In February 2024, the company cautioned that EVs would remain pricier than ICE cars for years because of slower-than-expected demand and acknowledged the underwhelming consumer appetite for EVs.

Mercedes is still planning the launch of an all-electric G-Class off-roader, which was unveiled at the Beijing auto show earlier this month (May 2024). 

The company reported a 30% drop in first-quarter earnings before interest and tax (EBIT) to €3.86 bn ($4.13 bn).

Mercedes faces a multitude of challenges — from low-priced Chinese competitors to spiraling expenses for its in-house operating system MB.OS—as it overhauls its sales model and sells off its last remaining company-owned stores to private investors.

Mercedes is planning to move to a so-called agency model in which the company would control inventory and offer set prices via online sales.

Automakers in Europe are facing slowing EV sales as enthusiasm for the vehicles cools amid a phasing out of generous subsidies introduced to encourage demand.

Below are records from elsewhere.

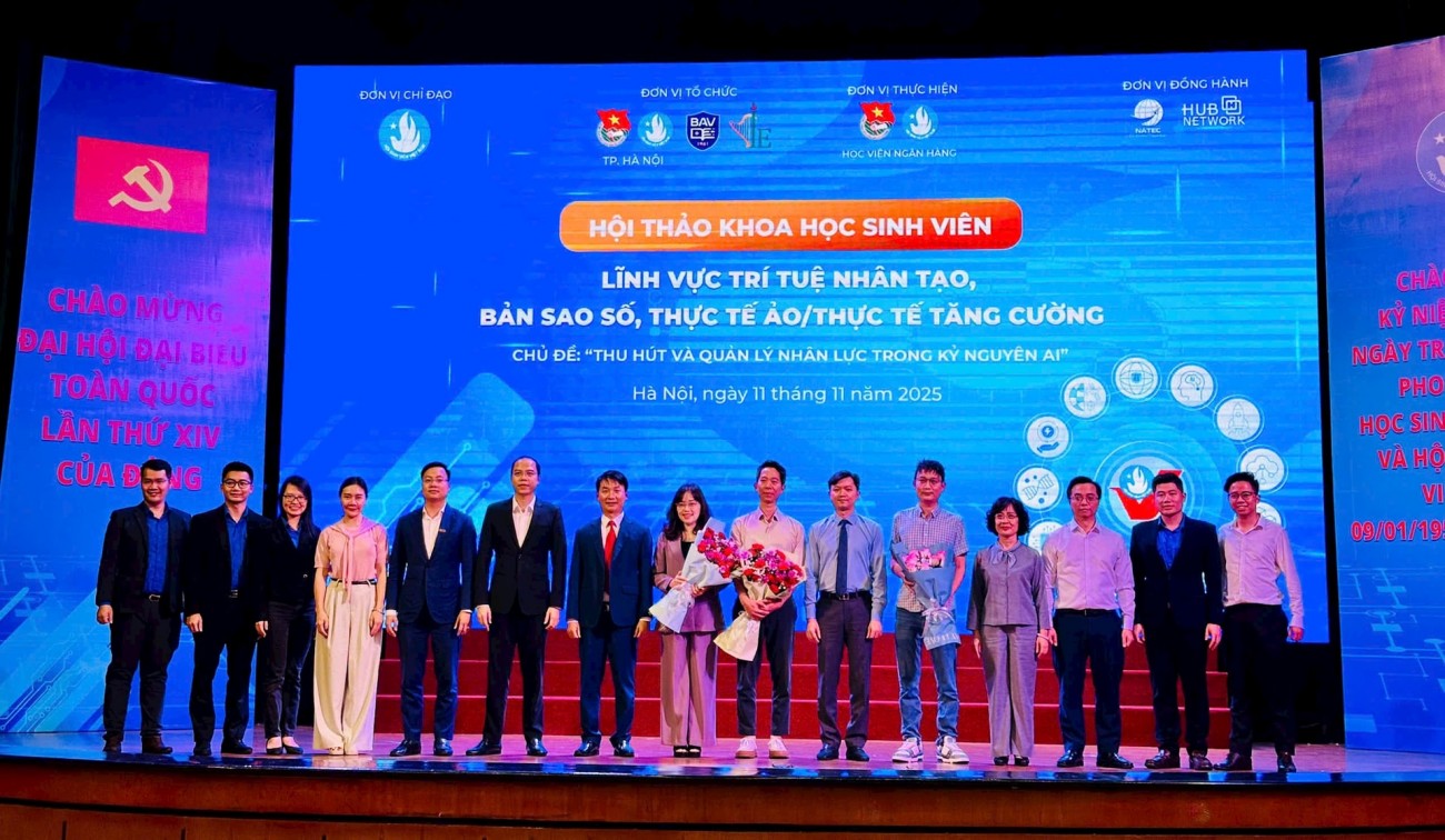 Chiều 11-11, tại Học viện Ngân hàng, Hội thảo khoa học sinh viên lĩnh vực Trí tuệ nhân tạo, bản sao số, thực tế ảo và thực tế tăng cường với chủ đề “Thu hút và quản lý nhân lực trong kỷ nguyên AI” đã diễn ra, thu hút sự tham dự của hàng trăm sinh viên, giảng viên, cùng các chuyên gia công nghệ hàng đầu trong và ngoài nước.
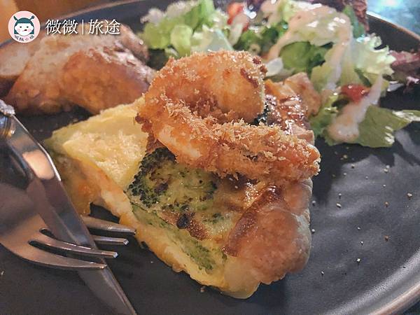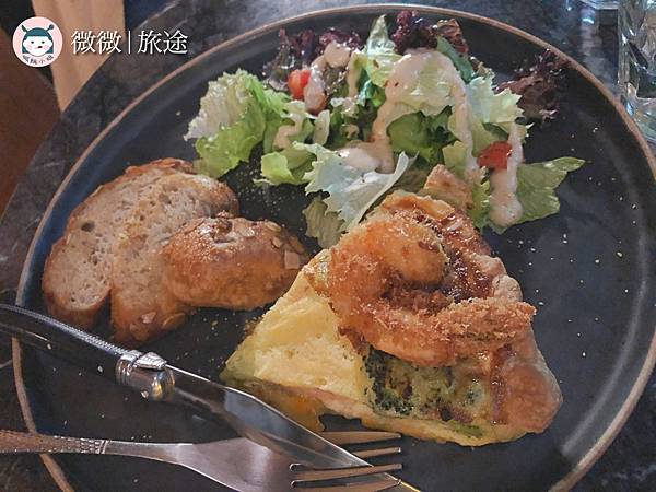 <滑蛋鮮蝦鹹派>個人覺得鹹派的部分有一點點鬆散,派皮沒有酥脆跟內餡有一點點薄弱,表現有一點點普普
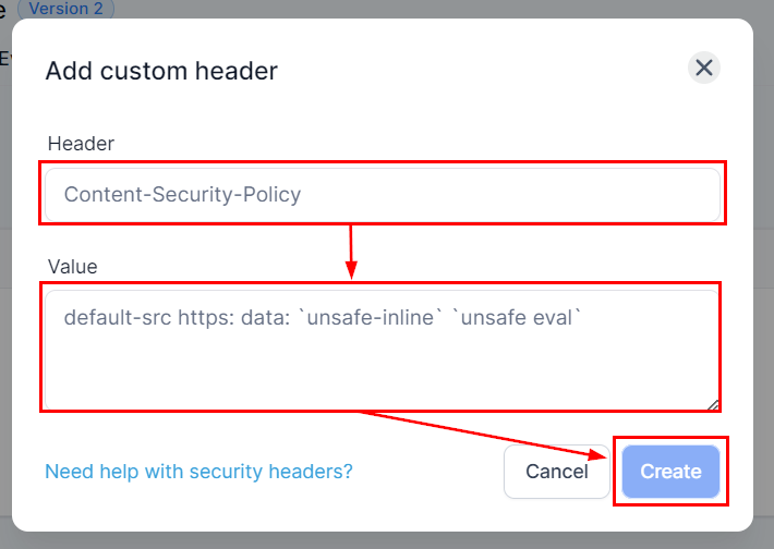 You will be prompted to enter a name and a value for the header. Fill in these details accordingly and click Create.
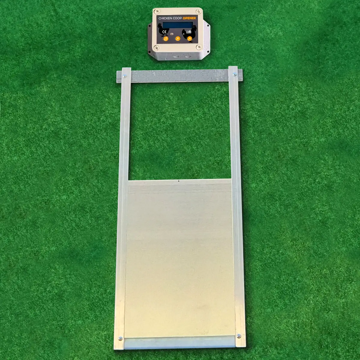 Dieser Bausatz für eine automatische Hühnerklappe besteht u.a. aus einer Steuereinheit und einer Aluminiumtür mit Führungsschienen und ermöglicht ein automatisches schließen und öffnen des Hühnerstalls zu vorgegebenen Zeiten. Somit sind Ihre Hühner zuverlässig nachts vor Fressfeinden geschützt, auch wenn Sie nicht vor Ort sind.
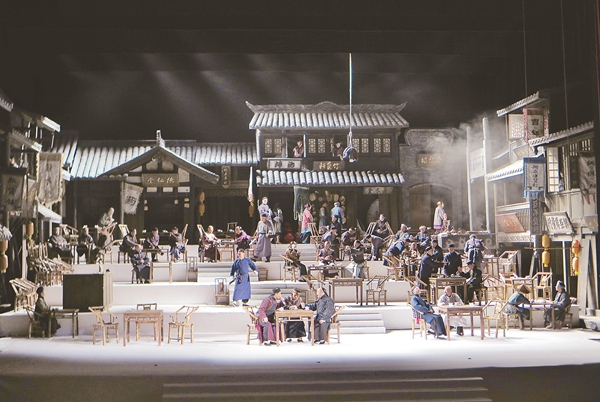隨著第三聲鐘響,燈光漸熄,大幕徐徐開啟。與北京人藝版《茶館》不同的是,四川話版《茶館》以倒敘方式入手,老年的王利發、常四爺、秦二爺拄著拐杖,踏著蹣跚的腳步出場,北京人藝版最經典的一幕“仨老頭撒紙錢”的部分被挪到了戲的序幕,這也令人大吃一驚。而大幕一拉開,便引得臺下觀眾發出了贊嘆,似山城碼頭層層疊疊的階梯式舞臺擺起了龍門陣,熱氣騰騰的市井氣息撲面而來,隨后麻辣燙般味道十足的叫賣聲此起彼伏,手巾板兒滿天飛,春熙路生意興隆的大茶館中上演著悲歡離合,立刻讓人充滿期待。
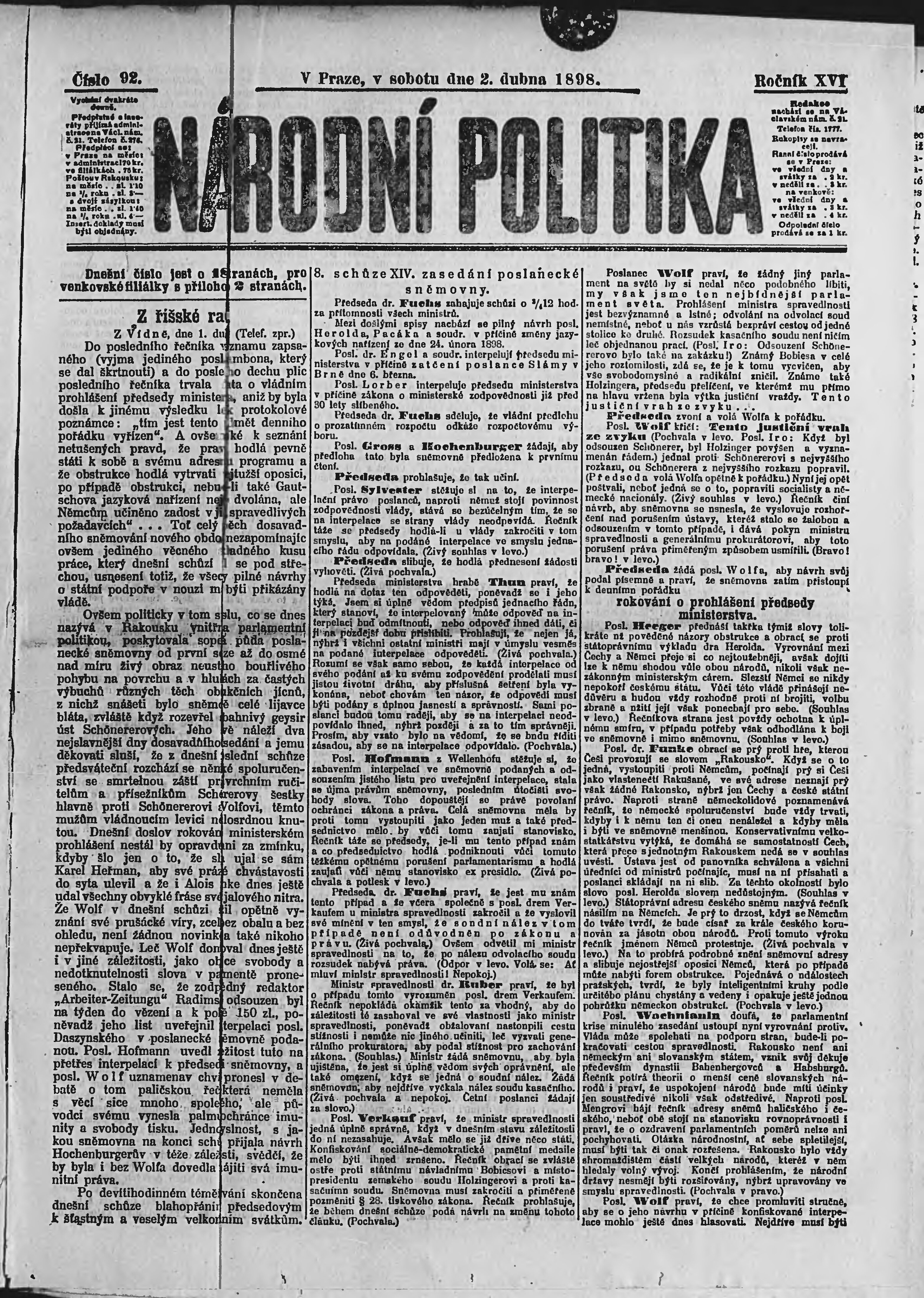 * Datum vydání výtisku: 2.4.1898 Číslo výtisku: 92 Poznámky k výtisku: ranní vydání;
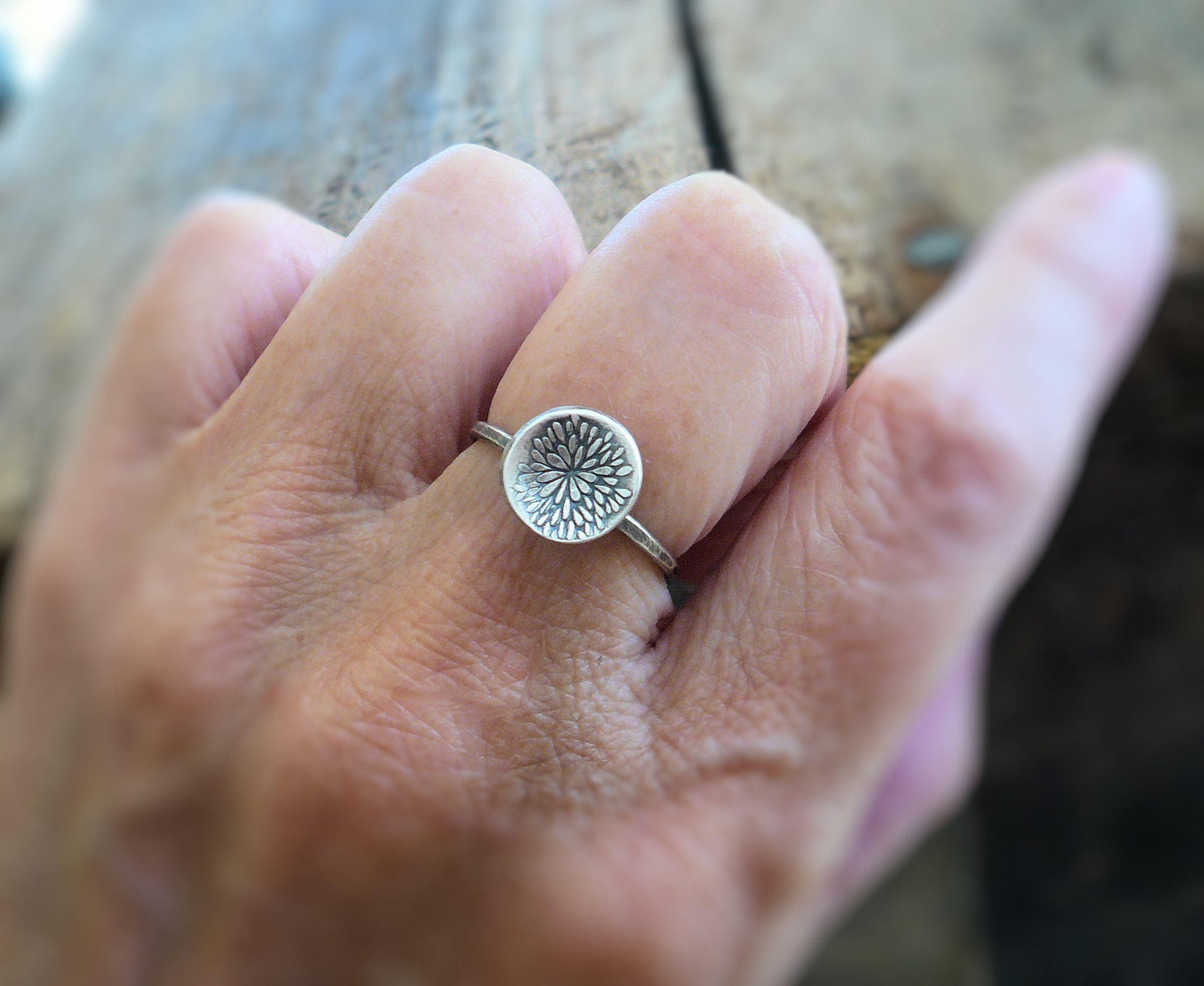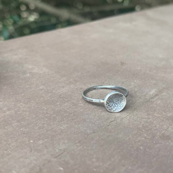 A ~10mm fine silver charm decorated with a sweet little bloom design & given a slight concave shape sits atop a hammered sterling band.
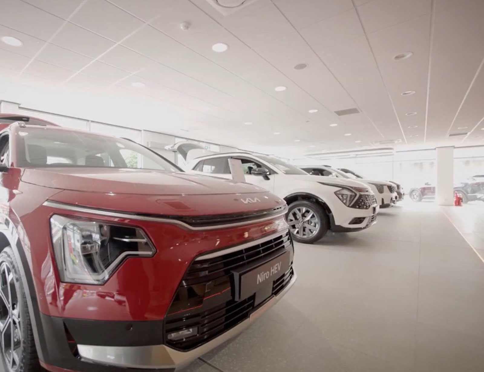 The finished showroom now reflects KIA’s brand image, bright, inviting, and technologically advanced, while delivering practical benefits in energy savings and ease of operation.
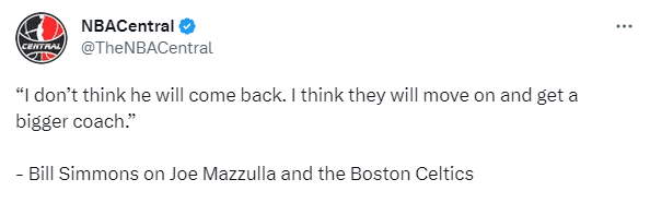 美国知名媒体人Bill Simmons谈到了目前绿军主帅马祖拉:我不认为马祖拉还会继续担任绿军主教练,他不会回来了。我认为他们(绿军)会继续前进,去寻找一个更有名气的教练。
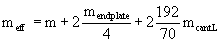 We have to calculate the effective mass for the springs taking into account that their speed vary along their length. For a mass supported by two folded-beam springs with L1=L2=L, the integration yield:
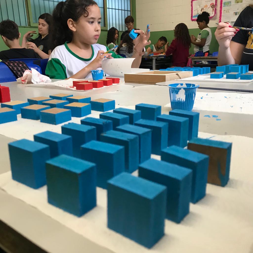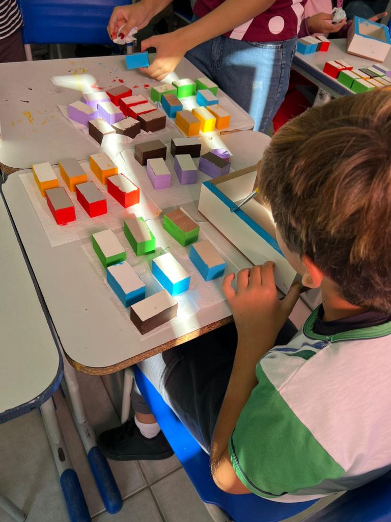 Os brinquedos de madeira foram finalizados com pinturas, em atividades dentro da escola com as crianças e apoio dos acadêmicos. Ao fim da atividade cada criança recebeu sete brinquedos. No total 420 brinquedos foram produzidos e entregues às crianças.

A price war among EV makers led by Tesla is also affecting margins.

EV, digital transitions

Gartner analyst Pedro Pacheco said that Mercedes is among many legacy automakers struggling to manage the twin transformational challenges — digitalization and electrification — facing the industry.

"They have all encountered headwinds, where maybe the EV sales weren't so great or the margins weren't as high as expected," Pacheco said. "They started getting a little bit afraid and now they're backtracking on their initial commitments to electrification."

He said that while EV sales continued to grow, that growth is slowing, and uncertainty in the marketplace is pushing legacy automakers into defensive mode.

"I understand the position of these legacy OEMs, but the problem is they have too much risk aversion," Pacheco said. "The tendency is to fall back into the old established product and milk the cash cow until the very end."

He said that the ambiguity of trying to operate with two different product categories can be very confusing to consumers and investors.

"The market is now in a sort of hangover, especially in the largest market, Germany, where they have pulled out all the financial incentives for buying an EV," he said.